Big Data Remains Untapped Resource for Healthcare

The enormous amount of DNA sequencing, biomedical imaging, electronic health records and other data generated by researchers and clinicians holds great promise for healthcare. However, gaining access to this mountain of data and making sense of it remains an elusive goal.


The enormous amount of DNA sequencing, biomedical imaging, electronic health records and other data generated by researchers and clinicians holds great promise for healthcare. However, gaining access to this mountain of data and making sense of it remains an elusive goal.

Earlier this month, National Institutes of Health Director Francis Collins, M.D., wrote a blog touting the potential benefits of big data, calling this enormous, ever-expanding treasure trove of digital data a "priceless raw material for the next era of biomedical research." Collins believes that "we are at a point in history where big data should not intimidate, but inspire us." 

However, according to researchers affiliated with Boston's Harvard Medical School, Beth Israel Deaconess Medical Center and Boston Children's Hospital, technical and social challenges continue to serve as barriers to leveraging the full power of big data in healthcare. They argue that while other industries have been successful at obtaining value from large-scale integration and analysis of heterogeneous data sources, the medical community is being left behind. 

"What these industries have figured out is that big data becomes transformative when disparate data sets can be linked at the individual person level. In contrast, big biomedical data are scattered across institutions and intentionally isolated to protect patient privacy," state the authors in a May 22 article in the Journal of the American Medical Association.  

The prerequisite for unlocking the real value of big data, they assert, is the ability to link data at the patient level. "Although some big data, such as electronic health records, provide depth by including multiple types of data (e.g., images, notes, etc.) about individual patient encounters, others, such as claims data provide longitudinality—a view of a patient’s medical history over an extended period for a narrow range of categories," the authors argue. "Linking data adds value when they help fill in the gaps."

Of particular value, according to the article, are "nontraditional" sources of biomedical data outside of the healthcare system such as social media, credit card purchases and census records which can "help assemble a holistic view of a patient, and, in particular, shed light on social and environmental factors that may be influencing health."
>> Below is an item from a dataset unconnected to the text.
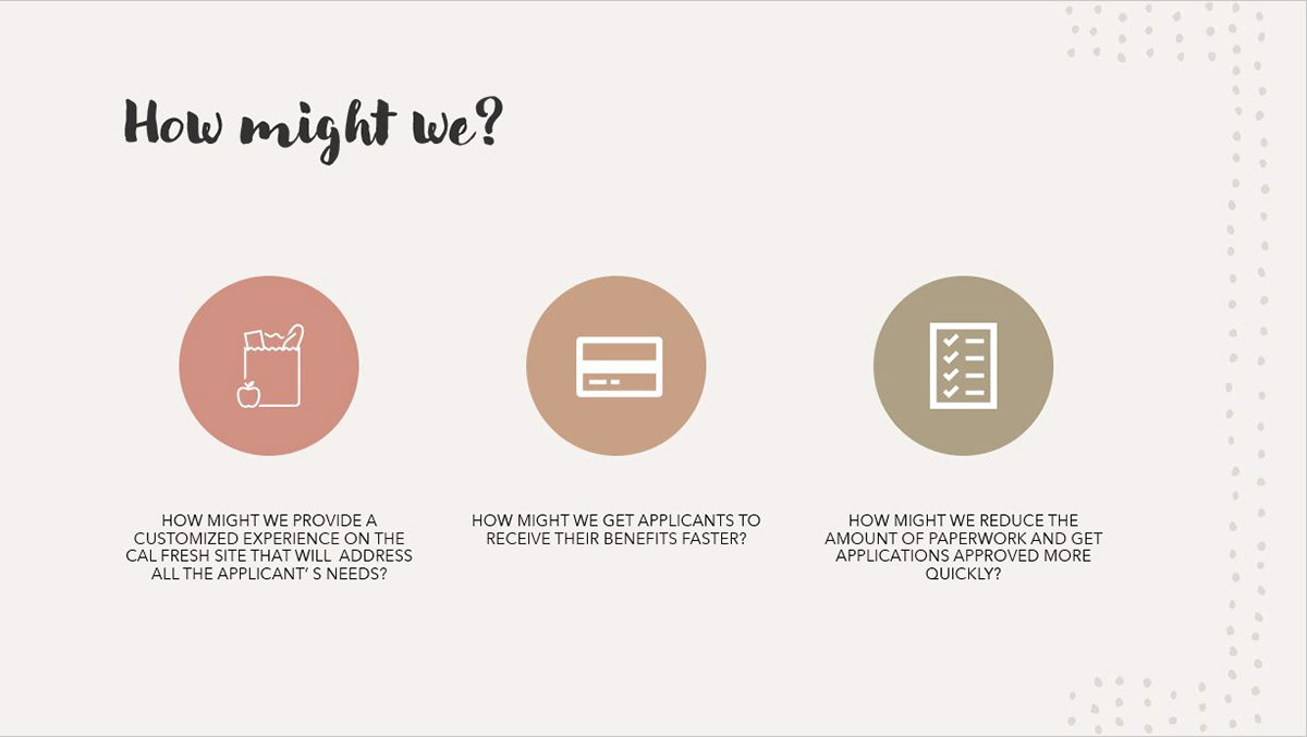 I began brainstorming ways in which the CalFresh application process could be improved to make it easier for applicants to apply and receive their benefits.

According to the authors, by linking this data, physicians and researchers will be able to test new hypotheses and identify areas of possible medical intervention. For example, they propose that grocery shopping patterns obtained from stores in various areas could be used to predict rates of obesity and type 2 diabetes in public health databases, and to determine whether the level of exercise recorded by home monitoring devices correlates with response rates of cholesterol-lowering drugs, as measured by continued refills at the pharmacy.

Nevertheless, as the article points out, the lack of a national unique patient identifier in the United States is a technical obstacle in linking big biomedical data. In addition, the authors say that privacy and security concerns also remain a formidable social challenge to data linkage. "As more data are linked, they become increasingly more difficult to deidentify," they say. "The consequences of this in healthcare, particularly for mental health records and genetic markers, have been extensively studied and discussed. However, given that data linkage is already happening in other industries and is increasingly being thought of as an informational asset for healthcare delivery, monitoring, and marketing, it would behoove the medical establishment to guide societal and legislative standards in this regard."

Toward that end, they propose that a public forum of stakeholders be convened, including citizens, the healthcare community and commercial data vendors, to frame a policy for technical protections for big biomedical data linkage.